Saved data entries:
'''

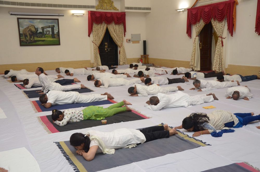 Governor of Telangana and Andhra Pradesh E.S.L. Narasimhan taking the lead in organising the first International Yoga Day celebrations at Raj Bhavan in Hyderabad on Sunday.
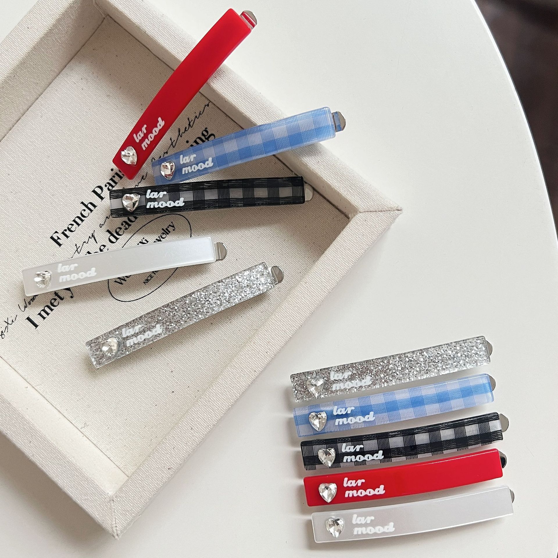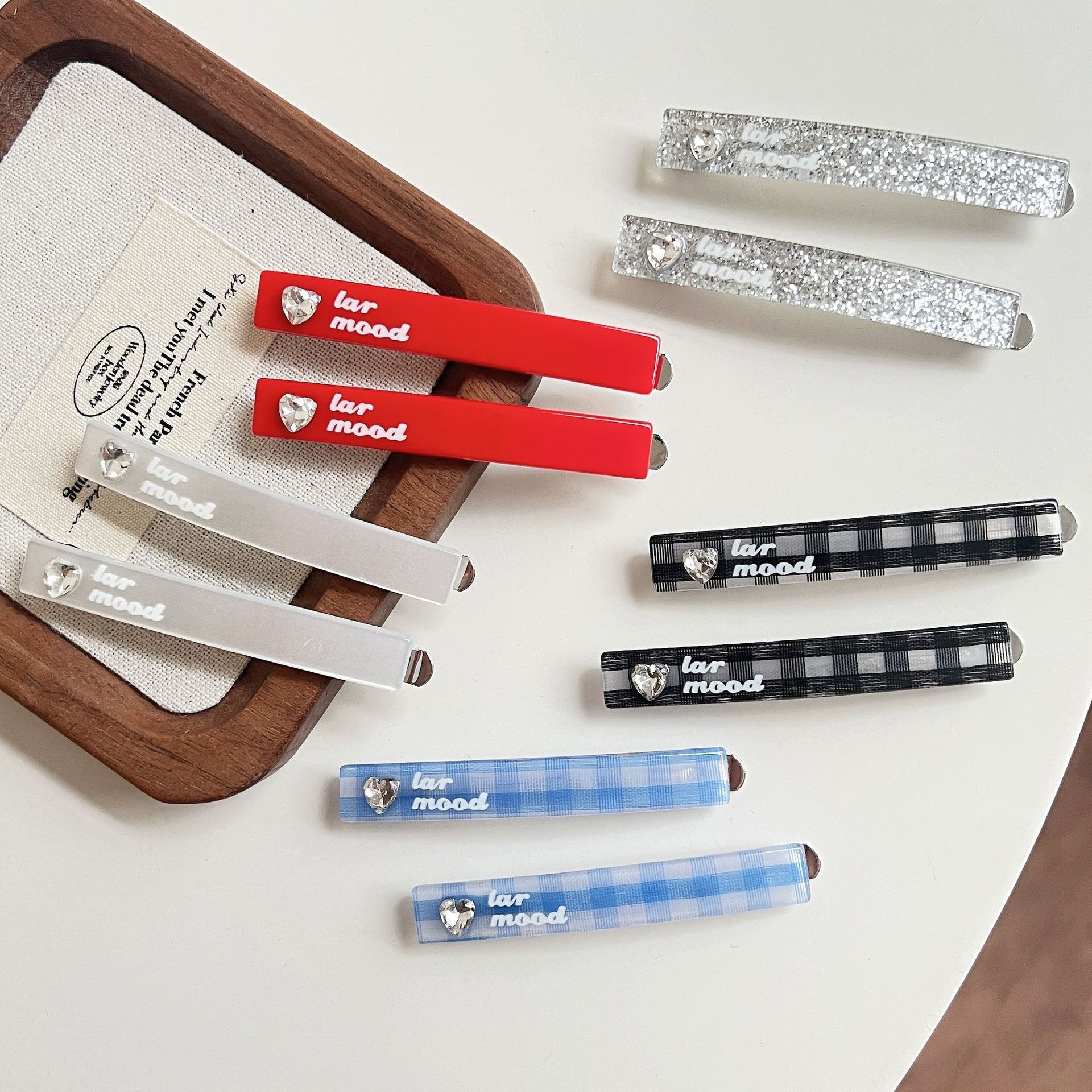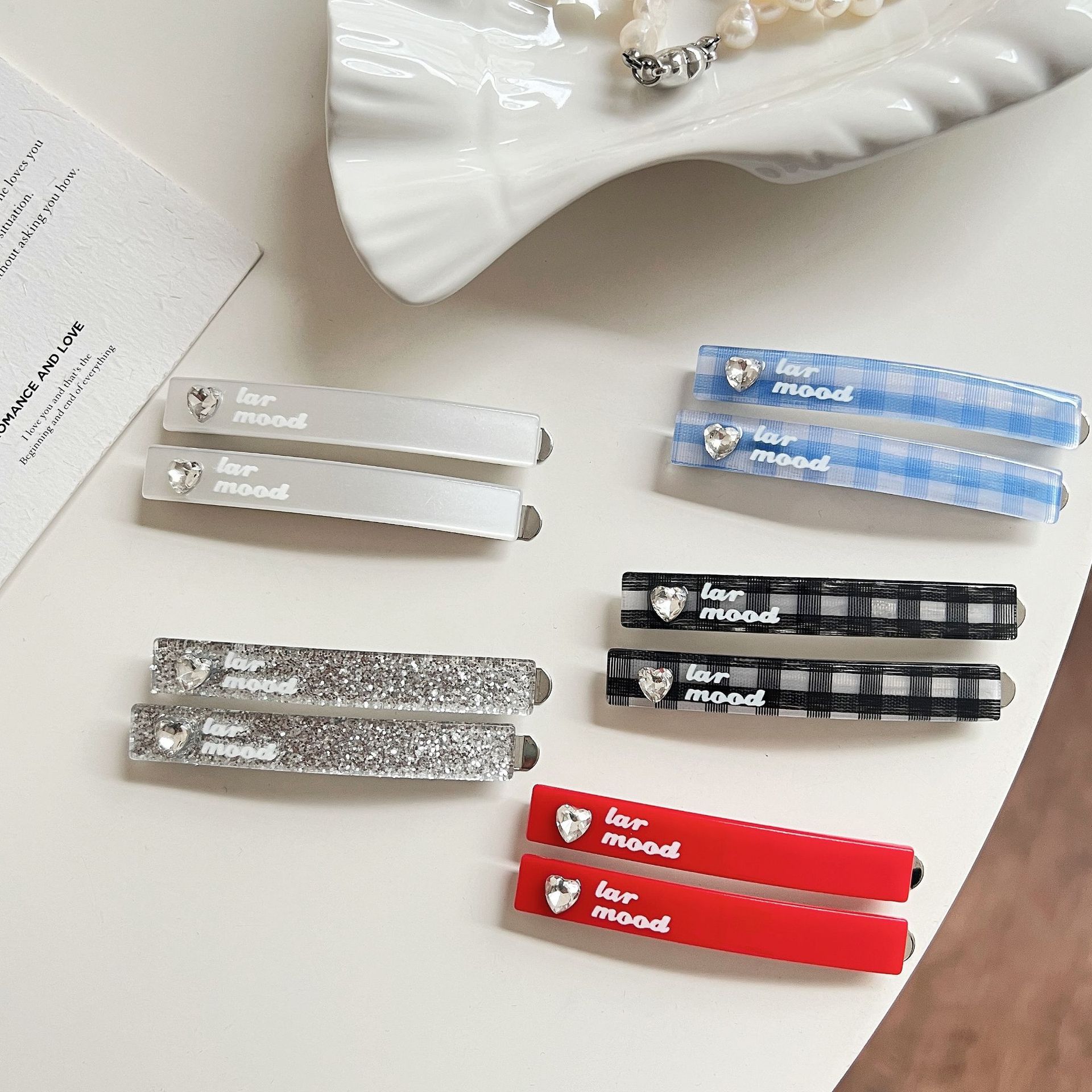 블루 체크무늬~반짝이는 다이아몬드 러브 아세테이트 머리핀 새로운 스타일의 작고 상큼하고 달콤한 기질의 사이드 클립 헤어 스타일러
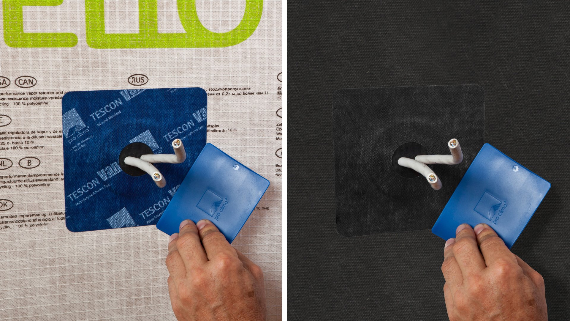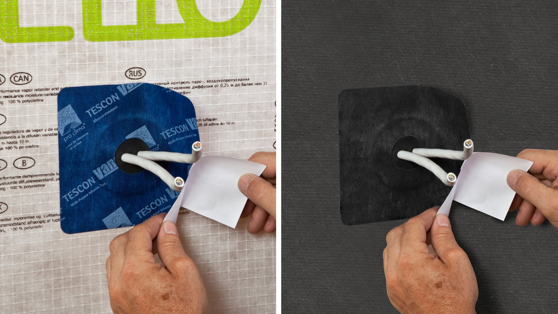Passare il cavo tramite il foro prestampato in EPDM, posizionare il raccordo sul sottofondo e livellare.
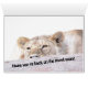 Back of card = Template: FILL-IN THE NAME OF YOUR LIONS CLUB for the back of the card. Lionesses peering out behind a kopje (granite rock), Serengeti National Park, Tanzania - photo by Christine Eichin, your safari expert, Above and Beyond Africa, while on safari in the Serengeti National Park, Tanzania (East Africa)
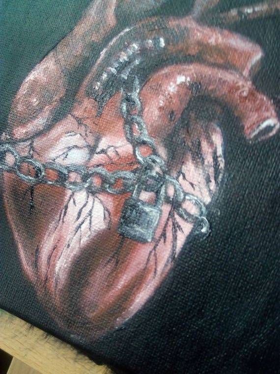 Unvalentine Chained Heart Oil Painting 6x 6 Ready Etsy Uk
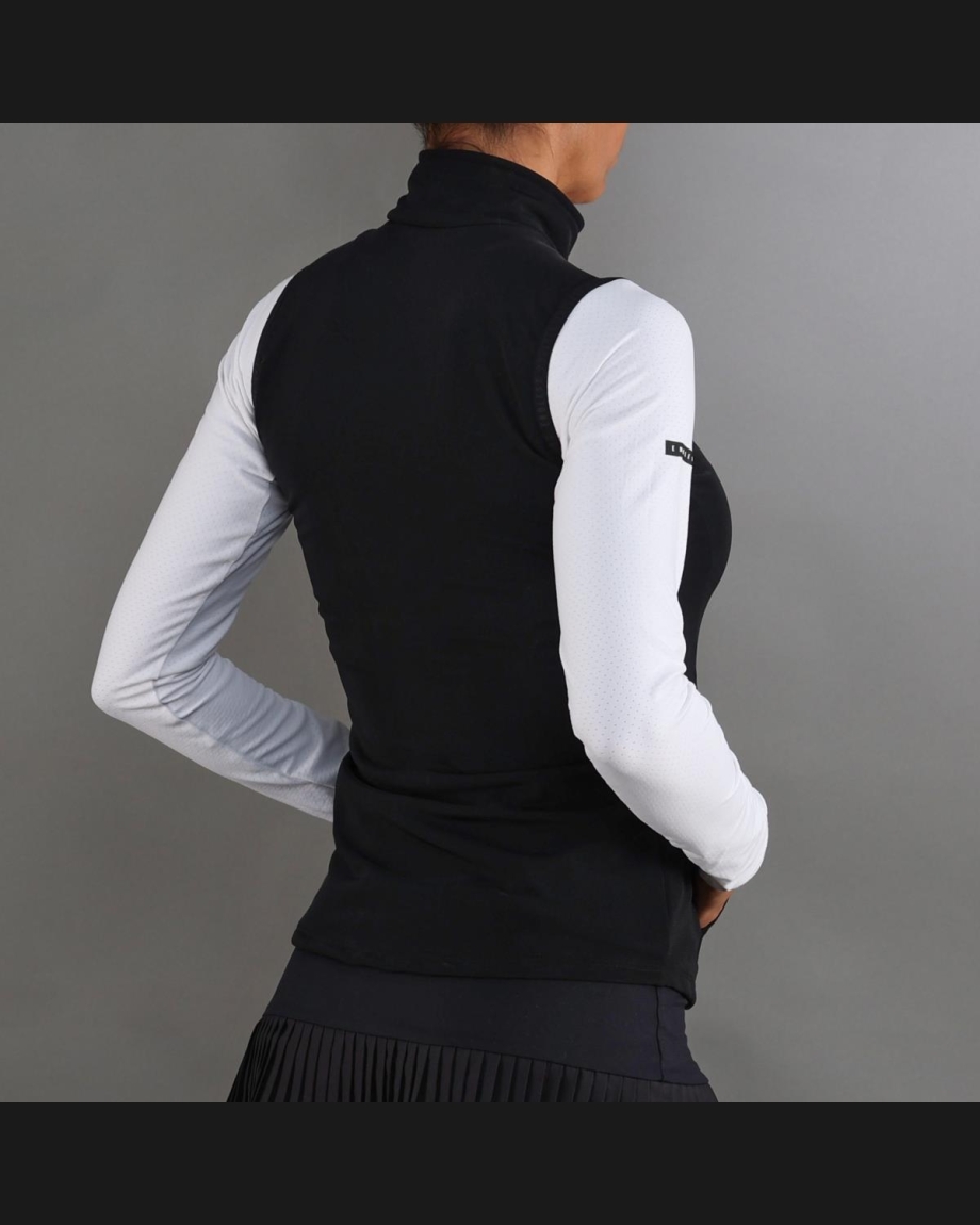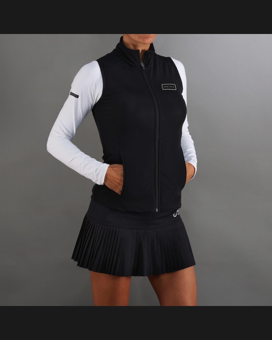 Su diseño sin mangas te permite una amplia libertad de movimiento en brazos y hombros, favoreciendo el rendimiento en deportes en tus entrenos de pádel y tenis. El corte entallado se adapta a tu cuerpo sin limitar la movilidad, y el cuello alto te protege eficazmente contra el viento.
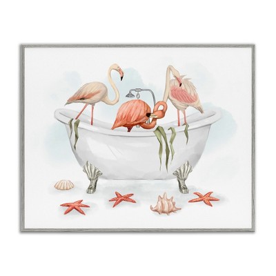 Stupell Industries Flamingo Trio in Nautical Tub Seaside Bathroom, 14" x 11"
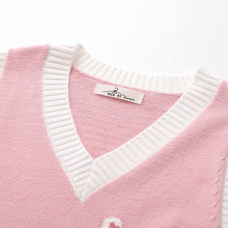 Pink Knitted Vest Bear Embroidery Sweater SP16496 · SpreePicky · Online Store Powered by Storenvy
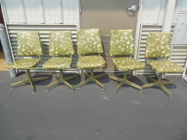 SET OF FIVE - Green Floral Swivel Kitchen Chairs.
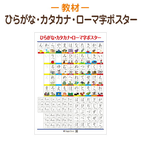 入学準備に ひらがな・カタカナ・ローマ字を同時に覚えられる人気の学習ポスター かわいいイラストがお子様の興味を引きます。
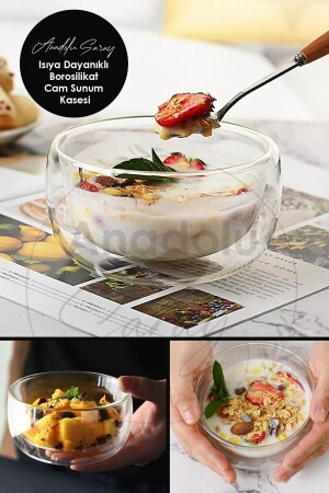 كأس عرض مزدوج الحائط من بوروسيليكات المقاوم للحرارة من MNZ. كأس الحساء الحلوى والكأس السلطة - 1 كمبيوتر. يتم إرس

'''

TASK TO CARRY OUT:
The reply should hold every record, unchanged, and no pictures.

RESULT:
 Governor of Telangana and Andhra Pradesh E.S.L. Narasimhan taking the lead in organising the first International Yoga Day celebrations at Raj Bhavan in Hyderabad on Sunday.
 블루 체크무늬~반짝이는 다이아몬드 러브 아세테이트 머리핀 새로운 스타일의 작고 상큼하고 달콤한 기질의 사이드 클립 헤어 스타일러
Passare il cavo tramite il foro prestampato in EPDM, posizionare il raccordo sul sottofondo e livellare.
 Back of card = Template: FILL-IN THE NAME OF YOUR LIONS CLUB for the back of the card. Lionesses peering out behind a kopje (granite rock), Serengeti National Park, Tanzania - photo by Christine Eichin, your safari expert, Above and Beyond Africa, while on safari in the Serengeti National Park, Tanzania (East Africa)
 Unvalentine Chained Heart Oil Painting 6x 6 Ready Etsy Uk
 Su diseño sin mangas te permite una amplia libertad de movimiento en brazos y hombros, favoreciendo el rendimiento en deportes en tus entrenos de pádel y tenis. El corte entallado se adapta a tu cuerpo sin limitar la movilidad, y el cuello alto te protege eficazmente contra el viento.
 Stupell Industries Flamingo Trio in Nautical Tub Seaside Bathroom, 14" x 11"
 Pink Knitted Vest Bear Embroidery Sweater SP16496 · SpreePicky · Online Store Powered by Storenvy
 SET OF FIVE - Green Floral Swivel Kitchen Chairs.
 入学準備に ひらがな・カタカナ・ローマ字を同時に覚えられる人気の学習ポスター かわいいイラストがお子様の興味を引きます。
 كأس عرض مزدوج الحائط من بوروسيليكات المقاوم للحرارة من MNZ. كأس الحساء الحلوى والكأس السلطة - 1 كمبيوتر. يتم إرس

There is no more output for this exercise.